Activity —
Keep the text of the data exactly as it is and omit each picture from the copy.

Data block —
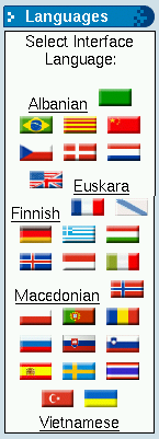 Allows you to change the language of the PHP-Nuke interface. In the Preferences of the administration panel (Chapter 7), you can select whether the block shall display flag icons (Figure 6-13) or a drop-down list for the language selection.
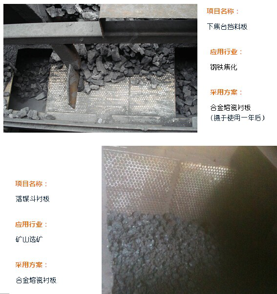 各種礦料破碎、篩分及輸送等系統所涉及到的各種防磨部位(如轉接塔、轉接斗、落料斗、溜管、溜槽、排渣溝等)
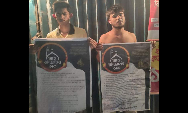 চট্টগ্রাম বিশ্ববিদ্যালয়ের ১ নং গেইট এলাকায় শনিবার রাত তিনটার দিকে' মাহে রমজানের ডাক’ শিরোনামের পোস্টার লাগানোর সময় দুুই শিবির কর্মীকে আটক করে চট্টগ্রাম বিশ্ববিদ্যালয়ের ছাত্রলীগ নেতারা।
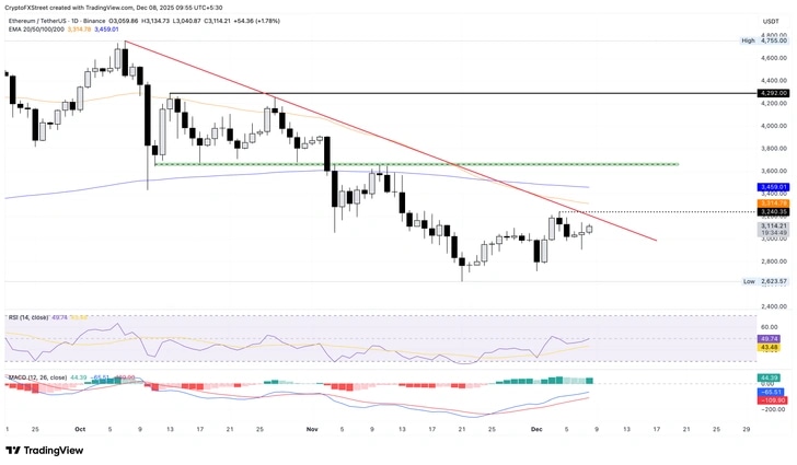 Ethereum sube casi un 2% en el momento de la publicación el lunes, luchando por superar la línea de tendencia de resistencia que conecta los máximos del 7 y 27 de octubre en el gráfico diario. Si la altcoin principal supera el máximo del jueves en 3.240$ con un cierre decisivo, podría apuntar a la EMA de 200 días en 3.459$. Similar a Bitcoin, Ethereum está ganando tracción, evidenciado por el RSI que sube a 49 mientras el MACD se estabiliza hacia la línea cero.

Problem solution —
 Allows you to change the language of the PHP-Nuke interface. In the Preferences of the administration panel (Chapter 7), you can select whether the block shall display flag icons (Figure 6-13) or a drop-down list for the language selection.
 各種礦料破碎、篩分及輸送等系統所涉及到的各種防磨部位(如轉接塔、轉接斗、落料斗、溜管、溜槽、排渣溝等)
 চট্টগ্রাম বিশ্ববিদ্যালয়ের ১ নং গেইট এলাকায় শনিবার রাত তিনটার দিকে' মাহে রমজানের ডাক’ শিরোনামের পোস্টার লাগানোর সময় দুুই শিবির কর্মীকে আটক করে চট্টগ্রাম বিশ্ববিদ্যালয়ের ছাত্রলীগ নেতারা।
 Ethereum sube casi un 2% en el momento de la publicación el lunes, luchando por superar la línea de tendencia de resistencia que conecta los máximos del 7 y 27 de octubre en el gráfico diario. Si la altcoin principal supera el máximo del jueves en 3.240$ con un cierre decisivo, podría apuntar a la EMA de 200 días en 3.459$. Similar a Bitcoin, Ethereum está ganando tracción, evidenciado por el RSI que sube a 49 mientras el MACD se estabiliza hacia la línea cero.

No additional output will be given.